Mr. Blount did not see any clear indication, and would have been quite unable to declare which animal was foremost. But he accepted in all confidence Little-River-Jack’s assurance. The track, without gaining much breadth or similarity to any civilised high road, was yet superior in all respects to the chamois path they had left behind, and when his companion exclaimed, “There’s the yard, and our nags in it, as safe as houses,” he was relieved and grateful. The loss of a horse with a new saddle and bridle, besides his whole stock of travelling apparel, spare shoes, and other indispensable matters, would have been serious, not to say irreparable.

However there were the two horses with their accoutrements complete, in the trap yard aforesaid. The yard was fully eight feet high, and though the saplings of which it was composed were rudely put together, they were solid and unyielding.
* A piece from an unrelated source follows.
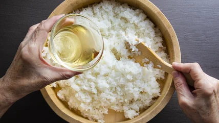 A mixture of salt, sugar, and rice vinegar adds a unique taste to rice without affecting its texture. This dynamic trio is as much a staple as rice is in Japan: Salt, sugar, and rice vinegar are the key ingredients in sushi rice. Rice vinegar has a more delicate profile than white or balsamic, with a well-balanced, sweet, and tangy palate. The sugar complements the vinegar's acidity and provides a sweet finish, while the dash of salt balances the sweet and sour combination of the seasoning and enhances the subtle nuttiness of rice.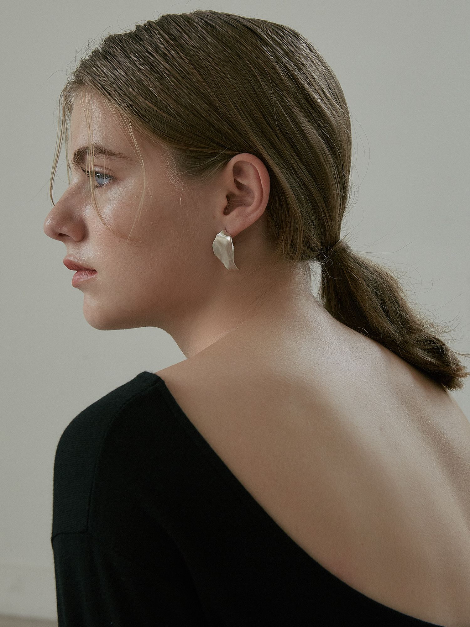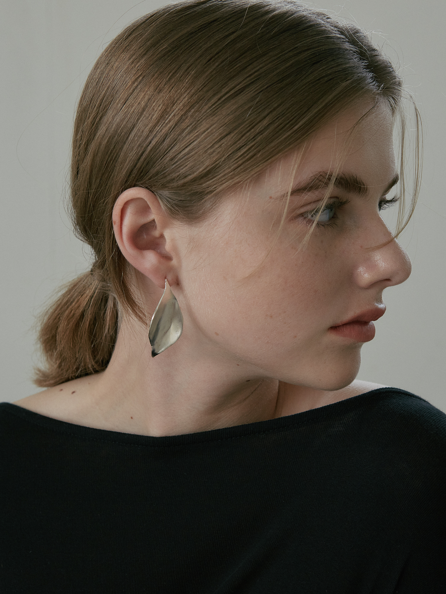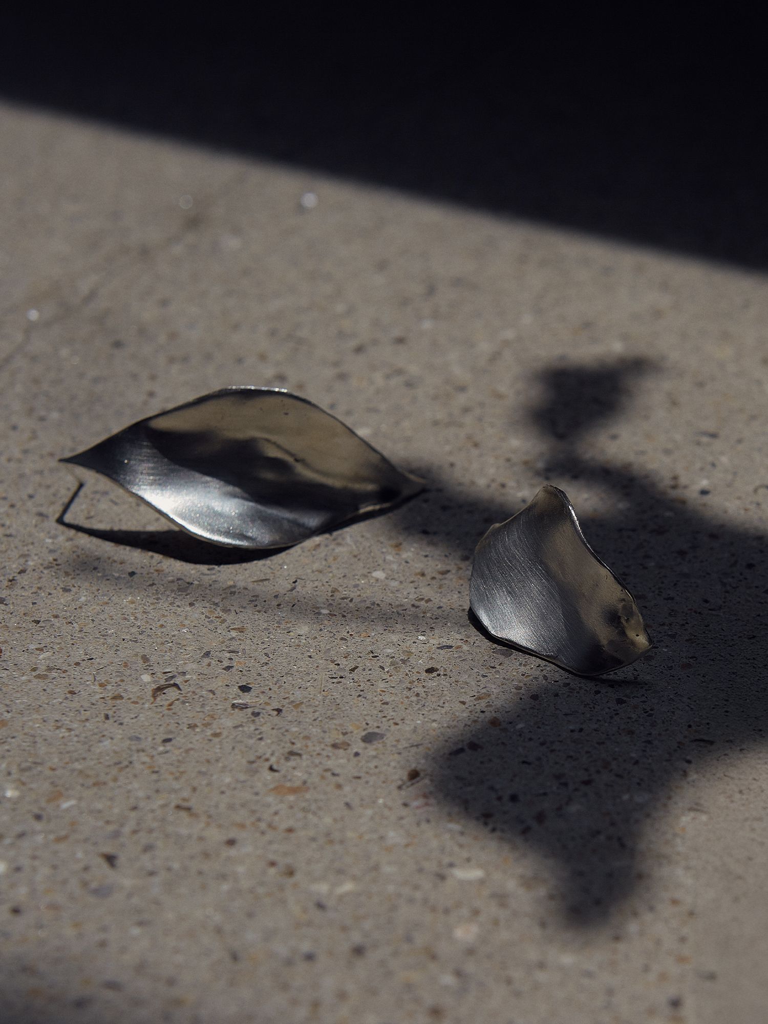 나뭇가지 모양으로 만든 링 귀걸이입니다. 잎과 가지의 모양과 텍스처를 금속에 작업하였습니다.

The heavy gate of the same material showed a rude carpentry in the head and tail pieces, the former of which was “let into the cap” or horizontal spar placed across the gate posts, and also morticed into a round upright below, sunk into the ground and projecting securely above it.

“They must have come in and shut the gate after them,” remarked Blount; “how in the world did they manage that?”

“Well, you see, this gate’s made pretty well on the balance to swing back to the post, where there’s a sort of groove for it. It’s always left half, or a quarter open. A prop’s put loose agen it, which any stock coming in from that side’s middlin’ sure to rub, and the gate swings to. See? It may graze ’em, as they’re going in, but they’re likely to jump forward, into the yard. The gate swings back to the post, and they’re nabbed. They can’t very well open it towards themselves, they haven’t savey for that. So they have to wait till some one comes.”

This explanation was given as they were riding along a decently plain road to Bunjil township, the first appearance of which one traveller descried with much contentment.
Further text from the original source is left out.